3. I compiti 3. I compiti Istockphoto

Ricominciare la scuola significa riprendere la quotidiana battaglia tra i figli e i compiti a casa. Per evitare che il tema compiti si trasformi in uno stillicidio lungo nove mesi bisogna essere organizzati.

I ragazzi devono sapere che esiste un tempo per i compiti e uno per il relax. Secondo alcuni esperti di pedagogia è fondamentale che quel tempo corrisponda a una fetta di orologio chiara per tutta la famiglia. Dalle 4 alle 6, per esempio, si fanno i compiti.

Non esistono deroghe, appelli, opzioni e alternative. Prima e dopo di quelle due ore liberi tutti, ma in quel periodo di tempo il mondo si ferma (telefono, tablet, videogiochi, amici che citofonano a casa e sport) e ci si dedica alla scuola.

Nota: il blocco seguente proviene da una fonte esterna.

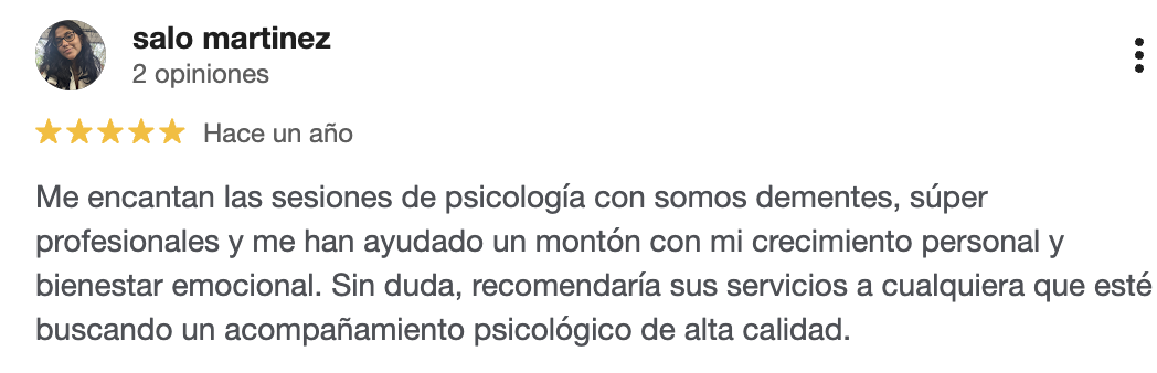 📩 Te agradecerÃamos si pudieras compartir tu opinión o tu experiencia con Somos DeMentes en nuestra página de google: https://g.page/r/CcKMLjGDvQoMEAE/review

Meglio iniziare con i compiti più ostici per poi andare degradando verso i più semplici o quelli che, comunque, si affrontano con più facilità. Specie per i più piccoli il tempo dei compiti dovrebbe essere vissuto con un adulto accanto che possa rassicurare il bimbo e incoraggiarlo nella corretta esecuzione del lavoro a casa.

4. Il tempo libero

4. Il tempo libero 4. Il tempo libero Istockphoto

La verità è che i nostri figli di tempo libero ne hanno davvero poco. Libero proprio nel senso di non organizzato. Perchè oltre alla scuola i ragazzi si troveranno iscritti a calcio, nuoto o pallacanestro; ci sarà il corso di canto, quello di chitarra o quello di yoga per bambini e tutto ciò riduce all'osso il sacro tempo della noia.

Si, perchè sono tutti d'accordo: annoiarsi aiuta a crescere e libera la fantasia. Occhio, quindi, a organizzare l'agenda dei propri figli con un carico d'impegni maggiore di quello di Obama.

Sì a uno sport, meglio se di gruppo e bene anche un'attività artistica, ma non di più. Permettete che, almeno un pomeriggio alla settimana sia vuoto. Sarà compito del ragazzino riempirlo con ciò che lui ritiene più opportuno: dalla merenda con l'amico del cuore alla passeggiata con mamma e papà.

5. Il tempo sacro della famiglia

5. La famiglia 5. La famiglia Istockphoto

Il ritorno a scuola coincide anche con la ripresa delle attività lavorative dei genitori e con la sensazione che i giorni, le settimane e i mesi scorrano via veloci tra riunioni, impegni, fretta e code in tangenziale.

In tutto questo sarebbe bello riuscire a non perdere gli effetti benefici dell'estate con il suo carico di sorrisi, benessere e tempo da dedicare alla famiglia.

E' vero che dopo una giornata in ufficio si è stanchi e appesantiti, ma riuscire a ritagliare almeno un'ora di tempo da dedicare al proprio figlio fa bene a tutti.

Che sia l'occasione per cucinare insieme la cena, portare a spasso il cane o controllare i compiti l'ammonimento di psicologi e insegnanti è sempre lo stesso: dedicatevi ai vosti figli perchè prima che ve ne rendiate conto spiccheranno il volo e voi vi sarete persi gli anni più belli di quei piccoli esseri umani che avete generato.